Beyond “Independence” and “Objectivity”

MacDonald and Kushner identify three forms of evaluation of government-sponsored programs: bureaucratic, autocratic, and democratic, which represent different levels of independence from the state [27]. Using this taxonomy, the approach endorsed by the previous PLoS Medicine series [5]–[7] represents a welcome shift from a bureaucratic model (in which management consultants were commissioned to produce evaluations that directly served political ends) to an autocratic model (in which academic experts use systematic methods to produce objective reports that are published independently). But it falls short of the democratic model—in which evaluators engage, explicitly and reflexively, with the arguments exchanged by different stakeholders about ideas, values, and priorities—to which our own team aspired. “Independence” as defined by the terms of autocratic evaluation (effectively, lack of censorship by the state and peer review by other academics who place politics out of scope) pushes evaluators to resist the very engagement with the issues that policy-relevant insights require.

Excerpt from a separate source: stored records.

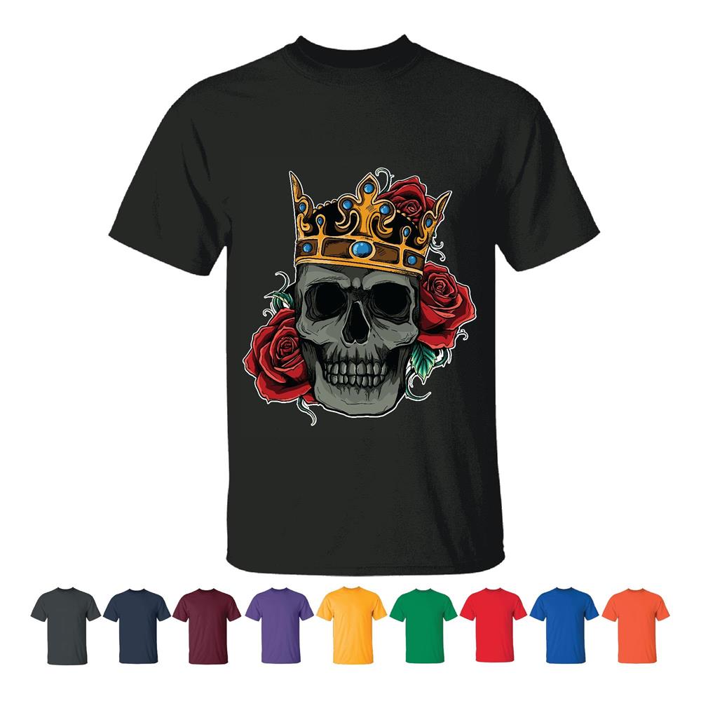 Unique Gift Idea for Skull Crown Flower Lovers Men Women Black T shirt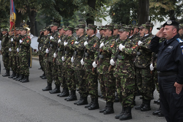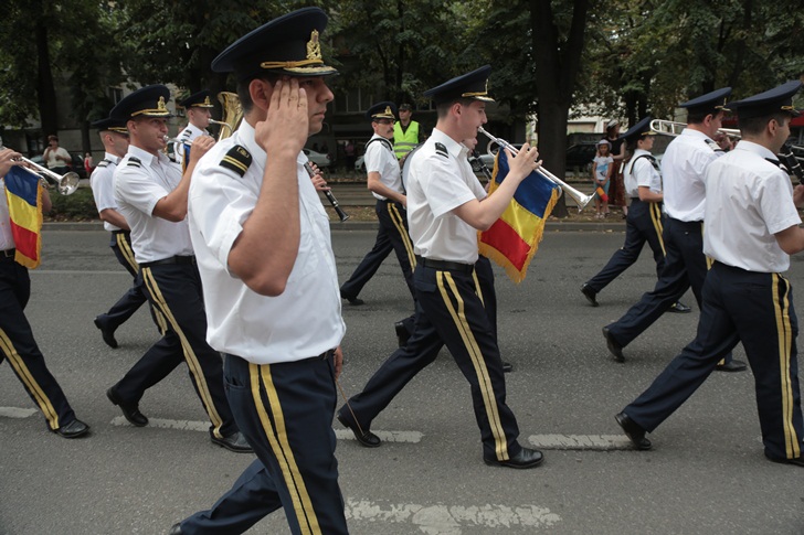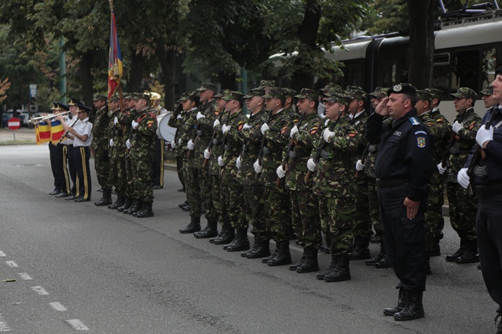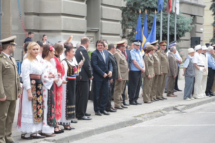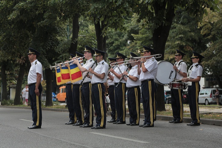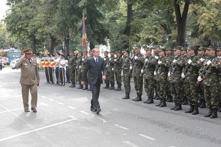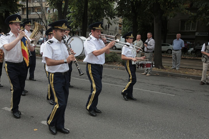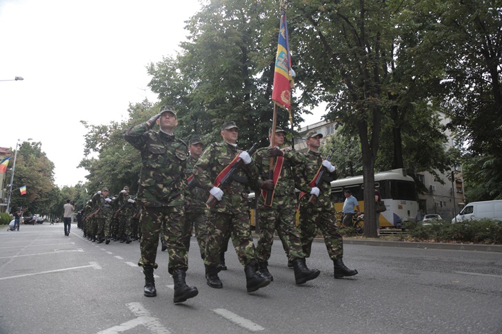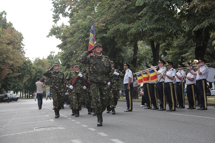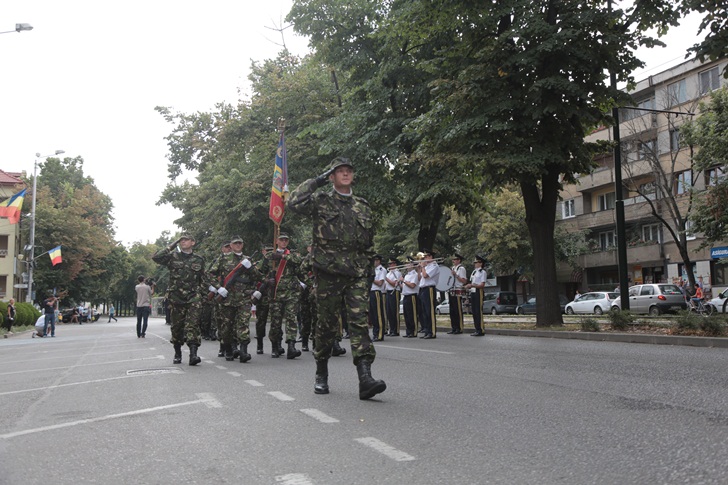 La finalul ceremonialului, militarii s-au retras, defiland pe ritmuri de fanfara, de la Prefectura, pana in Piata Libertatii, la Garnizoana Militara.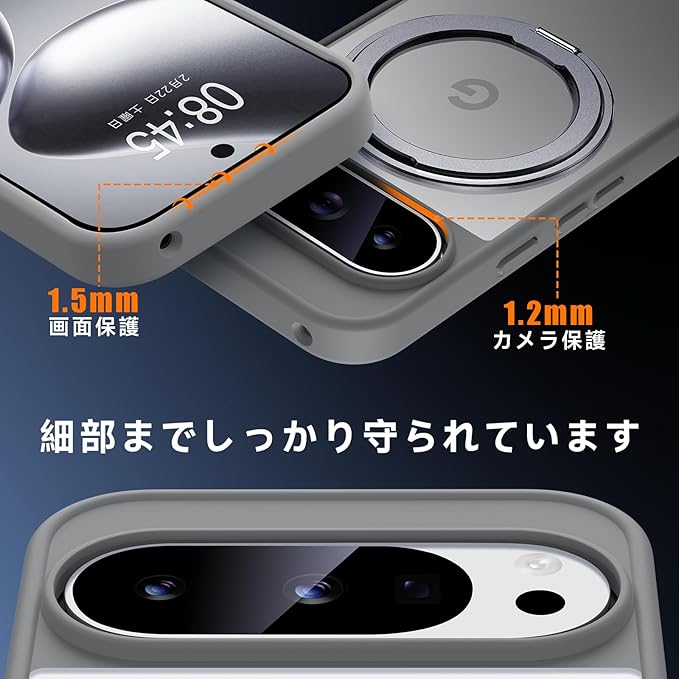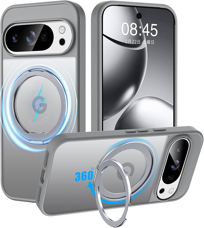 【米軍MIL規格・Magsafe対応】Google Pixel 10 / 10 Pro 用 ケース MagSafe対応 リング 360 回転スタンド機能 縦横両対応 半透明 黄ばみ防止 ワイヤレス充電 レンズ保護 耐衝撃 携帯カバー グーグルピクセル10/10プロ カバー マグネット搭載 車載ホルダー マグセーフ対応 おしゃれ (グレー)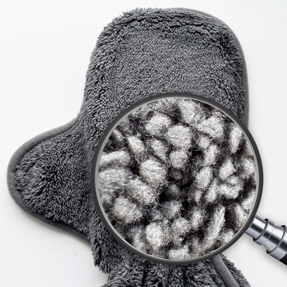 Новую структуру микроволокна специально пошили в виде рукавицы, чтобы быстро и удобно заниматься уборкой.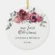 Beautiful floral wedding Our First Christmas ceramic ornament depicts elegant romantic hand-painted watercolor flowers in blush pink, burgundy and soft grey greenery shades. Front features names and date. The back has Bible Verse 1 Corinthians 13:13, "And now abide faith, hope and love, but the greatest of these is love."_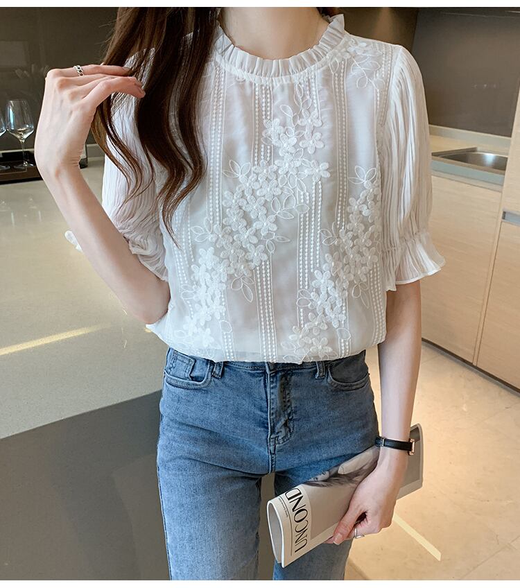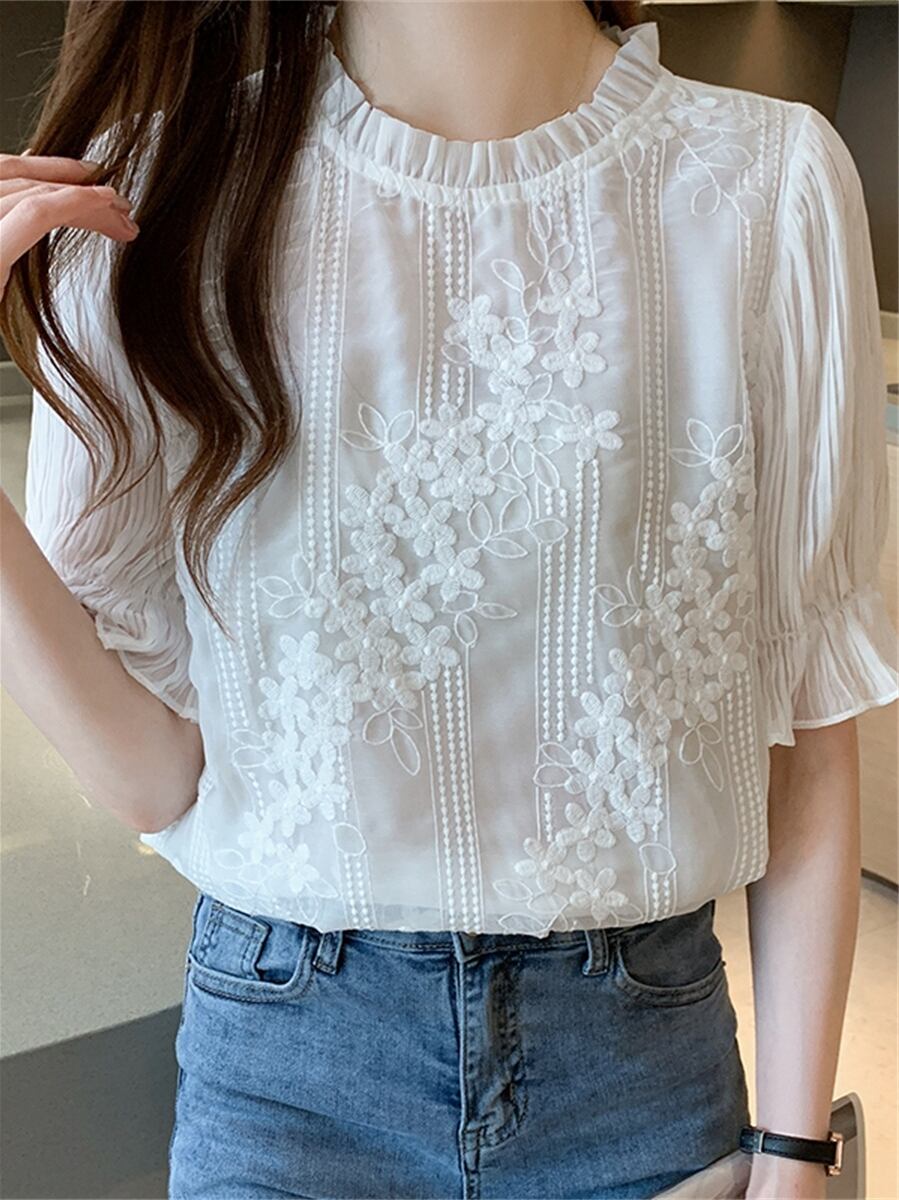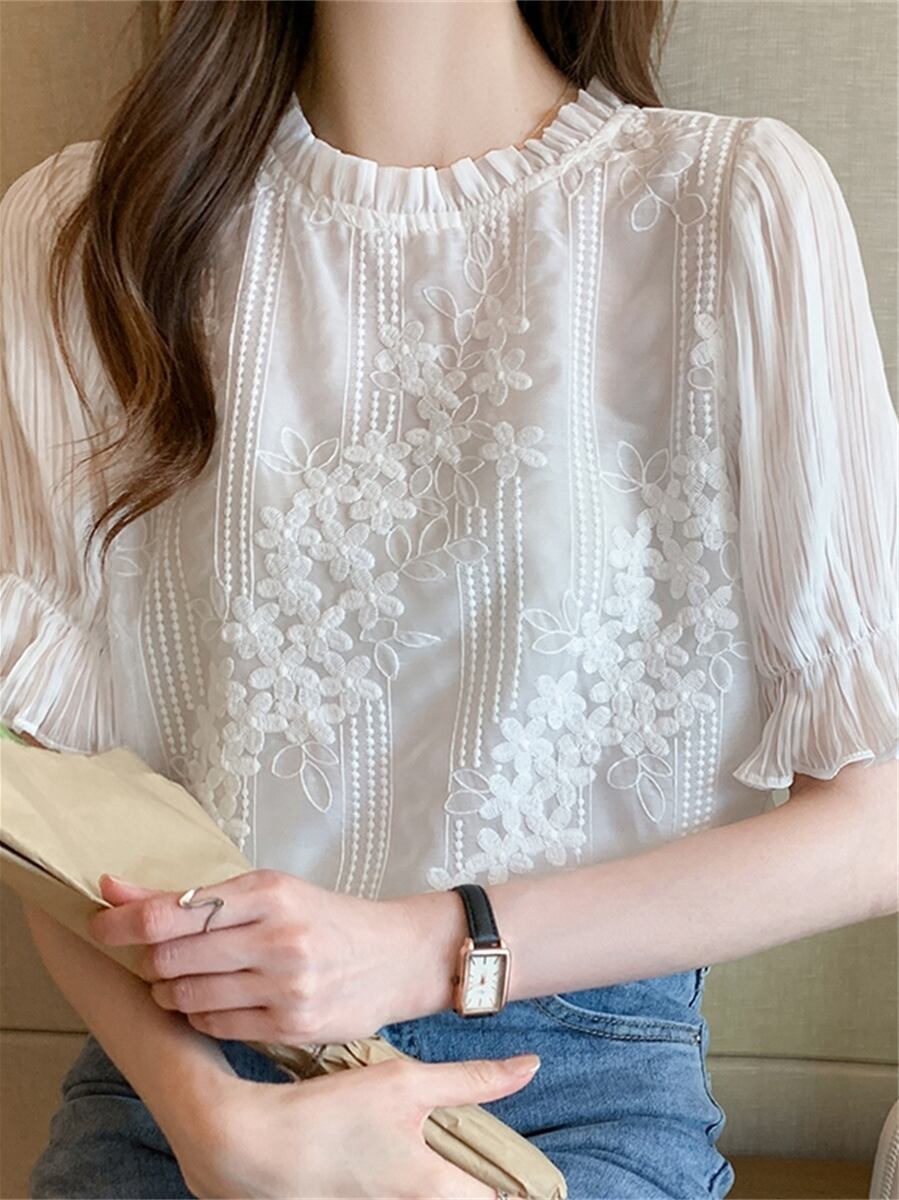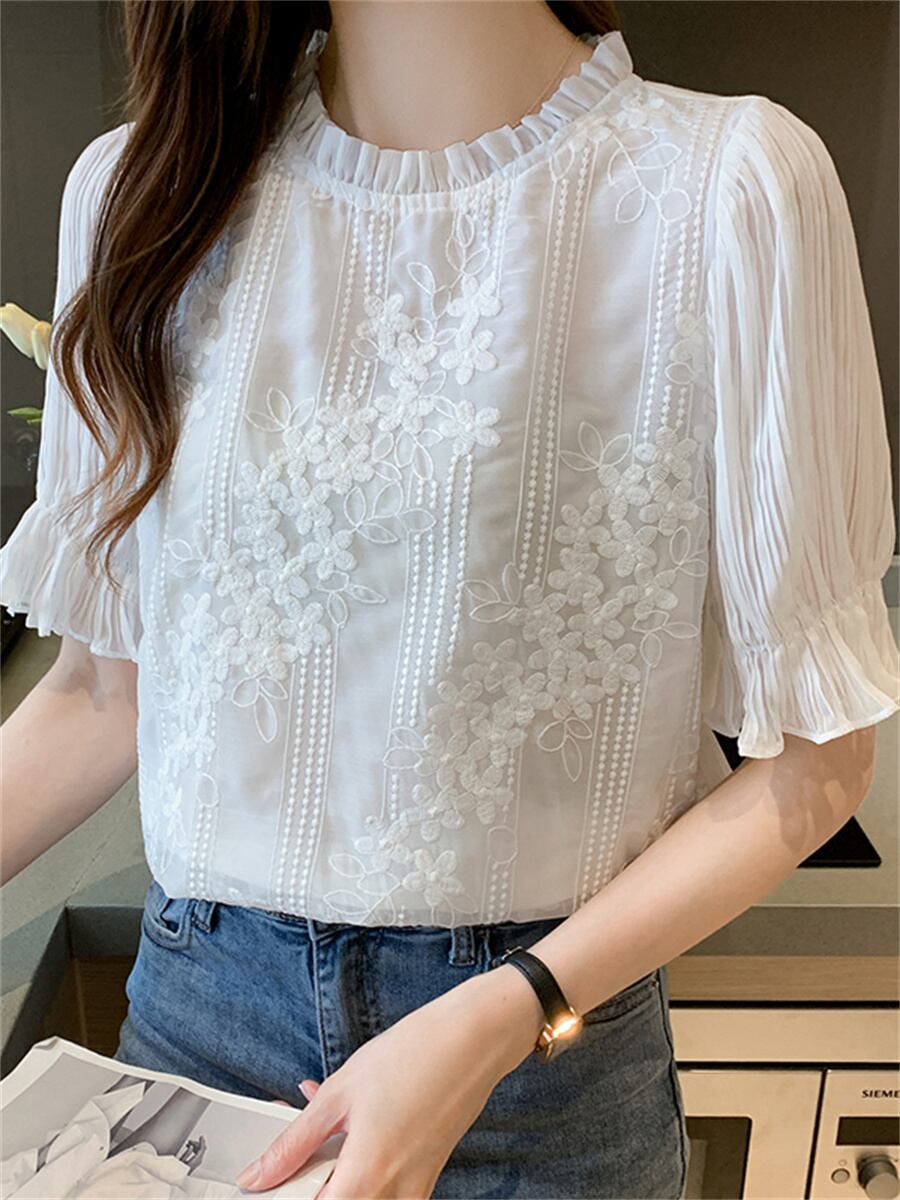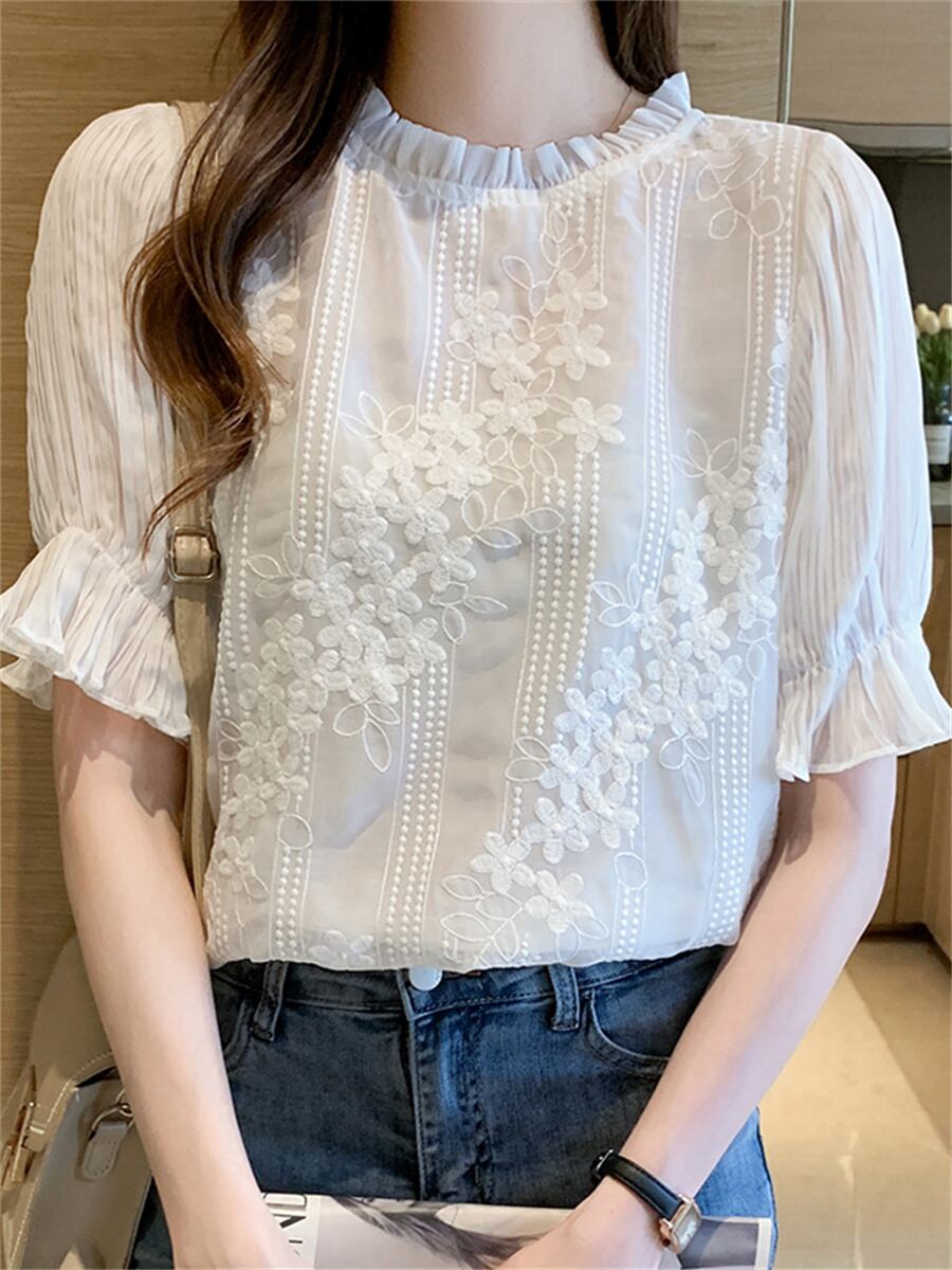 トップス ブラウス プルオーバー レギュラー丈 トランペットスリーブ スタンドカラー ストレート レース 大人可愛い きれいめ お洒落 大人女子 キュート エレガント とろみ感 夏 誕生日 10代 20代 30代 40代 女性用 ママ OL 通勤 学生 通学 デート お出かけ 女子会 お泊まり 休日 アウトドア イベント リゾート 旅行 海 プール 高原 ホテル レストラン ショッピング ファッション スタイル モテ ギフト 安い インスタ映え 洋風 S M L XL 2XL 白 ホワイト

In sum, critical-interpretivist approaches to evaluation have different quality criteria and generate different kinds of knowledge than “scientific” (quasi-experimental) approaches. These differences are summarised in Tables 1 and 2.

**Tab. 1. Comparison of Key Quality Principles in Positivist versus Critical-Interpretivist Studies.**

**Tab. 2. Different Kinds of Knowledge Generated by Different Kinds of Evaluation.**

An Alternative Set of Guiding Principles for eHealth Evaluation

Lilford et al. identify four “tricky questions” in eHealth evaluation (qualitative or quantitative?; patient or system?; formative or summative?; internal or external?) and resolve these by recommending mixed-method, patient-and-system studies in which internal evaluations (undertaken by practitioners and policymakers) are formative and external ones (undertaken by “impartial” researchers) are summative [5]. In our view, the tricky questions are more philosophical and political than methodological and procedural.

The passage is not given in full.